Poetry-Slam-Schweizermeisterschaften: «Die Slam-Szene ist eher eine linke Blase»

10. Poetry-Slam-Schweizer-Meisterschaften Luzern

  • Do 28.3.: 20.15: U20-Finale, Neubad Pool.
  • Fr 29. März: 19.00: Einzelvorrunden, Neubad Keller/Loge/Bar 59 (teils ausverkauft). 21.15: Teamfinale, Neubad Pool
  • Sa 30. März: 20.15: Einzelfinale, Neubad Pool (ausverkauft).

Wer darf um den Schweizer-Meister-Titel buhlen?

Valerio Moser: Die Meisterschaft soll ein Abbild der aktuellen Schweizer Slam-Szene sein. Um sich anzumelden, muss man mindestens acht Poetry-Slam-Auftritte im letzten Jahr vorweisen können.

Normalerweise gewinnt, wer mehr Applaus kriegt. Jetzt kürt eine Zufallsjury aus Zuschauern die Sieger. Weshalb dieser Wechsel?

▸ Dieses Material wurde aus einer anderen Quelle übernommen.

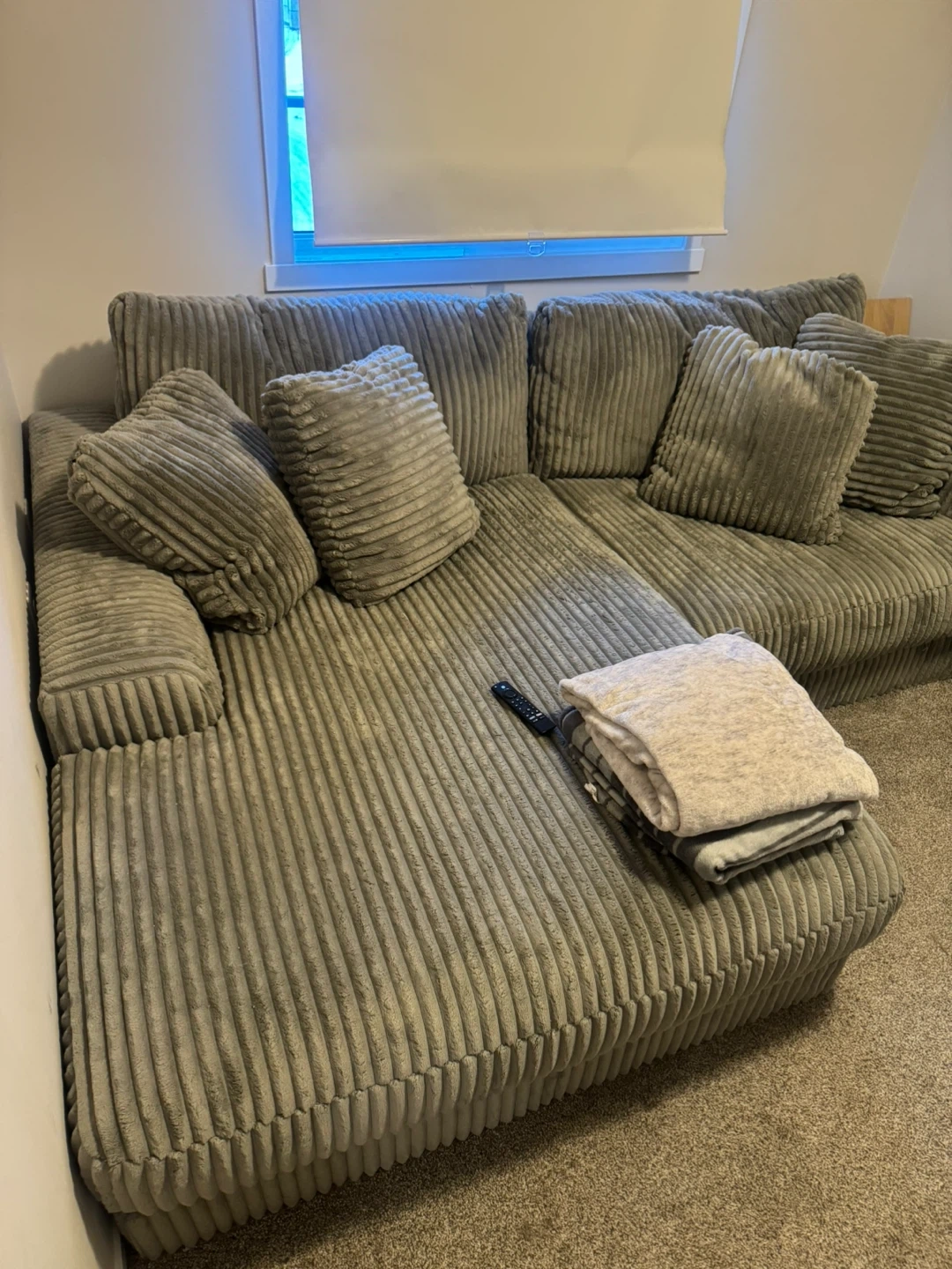 Almost Brand New Lindyn Sectional with XL Ottoman. Paid over $3500 less than a year ago. I am only selling because my sister needs to move in and this is in our spare room. Asking $2800 OBO. Feel free to PM for any questions. Not in a huge rush to sell. Just looking to try to get most of our money back hence the OBO. Shoot me some offers :)

Wegen der Fairness. Mit Applaus lässt sich nicht immer eine eindeutige Entscheidung fällen. Gerade wenn es um den Meistertitel geht, kann das schwierig sein.

Vor wenigen Jahren wurde in der Schweiz noch mehrheitlich auf Hochdeutsch geslammt. Jetzt liegt Dialekt im Trend.

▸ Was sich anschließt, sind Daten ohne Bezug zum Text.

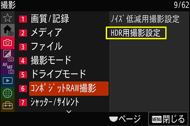そして、こちらが「α7 V」の新機能でコンポジットRAW撮影の「HDR用撮影設定」が使えます。これは複数枚のRAW撮影を行い、あとからソニーのRAW現像ソフト「Imaging Edge Viewer」を使って合成して、輝度差の広いシーンを綺麗にまとめるHDR合成をすることができます。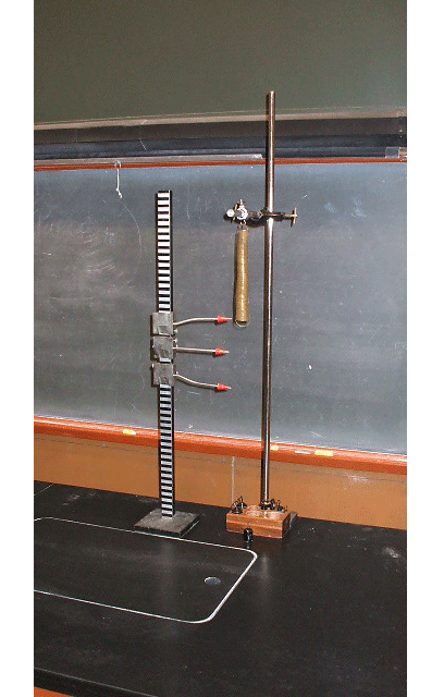 Weight on a vertical spring with markers on stand.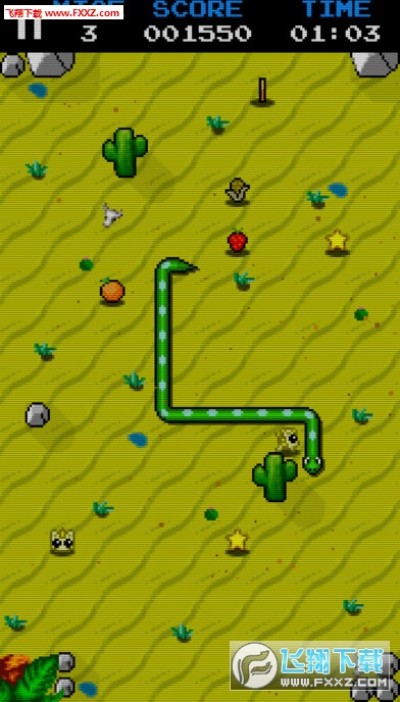 捕鼠贪吃蛇手游iOS版游戏中玩家的任务就是控制那条一开始又短又小的绿色小蛇,认准画面中的小老鼠然后游过去吃掉它们,这样蛇就能不断长大变长。与此同时还要注意避开石块仙人掌炸弹之类的障碍物或者避免撞墙,还要看清楚蛇本身的位置,不要让它自己吃自己导致出现游戏失败的情况。

Das beobachte ich auch, Mundart hat sich etabliert. Fast alle Slammer, die in den letzten fünf Jahren angefangen haben, schreiben in Dialekt. Und viele, die früher auf Hochdeutsch schrieben, haben gewechselt. Ein Grund dafür ist sicher, dass das Angebot an Slams in der Schweiz stark gewachsen ist. Man muss heute weniger schnell nach Deutschland oder Österreich ausweichen, wenn man neue gute Bühnen kennen lernen will.

Welche Trends prognostizieren Sie für den Inhalt der Texte?

Momentan sind Geschichten aus dem persönlichen Alltag beliebt. Gesellschaftliche Themen werden aber jeweils auch behandelt, sehr aktuell sind etwa Gender-Fragen.

Gibt es thematische Tabus?

Texte aus einer bürgerlichen Perspektive habe ich noch nie gehört. Da ist die Slam-Szene halt eher eine linke Blase. Was eigentlich schade ist.

Ihnen als Slammer ist die Sprechform sehr wichtig. Plötzlich schreien Sie einen Abschnitt. Finden Sie die Botschaft nebensächlich?

Ich bin es etwas müde, wenn jemand auf der Bühne bedeutungsschwanger die Welt erklären will. Momente zu erzählen, die die Zuschauer vielleicht auch kennen, reizt mich momentan mehr. In den fünf Minuten auf der Bühne bin ich ganz im Erzählten, und dabei entwickeln sich durchaus mal Gefühle, die ich nicht in Worten ausdrücken kann.

Sie und andere moderierende und ehrgeizige Slam-Kollegen haben teils Kultstatus in der Szene. Spüren Sie Neid?

Das nicht, aber frische Slammer begegnen mir backstage manchmal etwas schüchtern oder bewundernd. Das ist lächerlich. Die Szene, die sich «Slamily» nennt, ist sehr offen, nach den ersten paar Auftritten kennt man sich. Zudem finde ich es immer super, wenn Slammer mit weniger Erfahrung das Finale erreichen und dort richtig rocken. Solche Überraschungen gibt es jedes Jahr.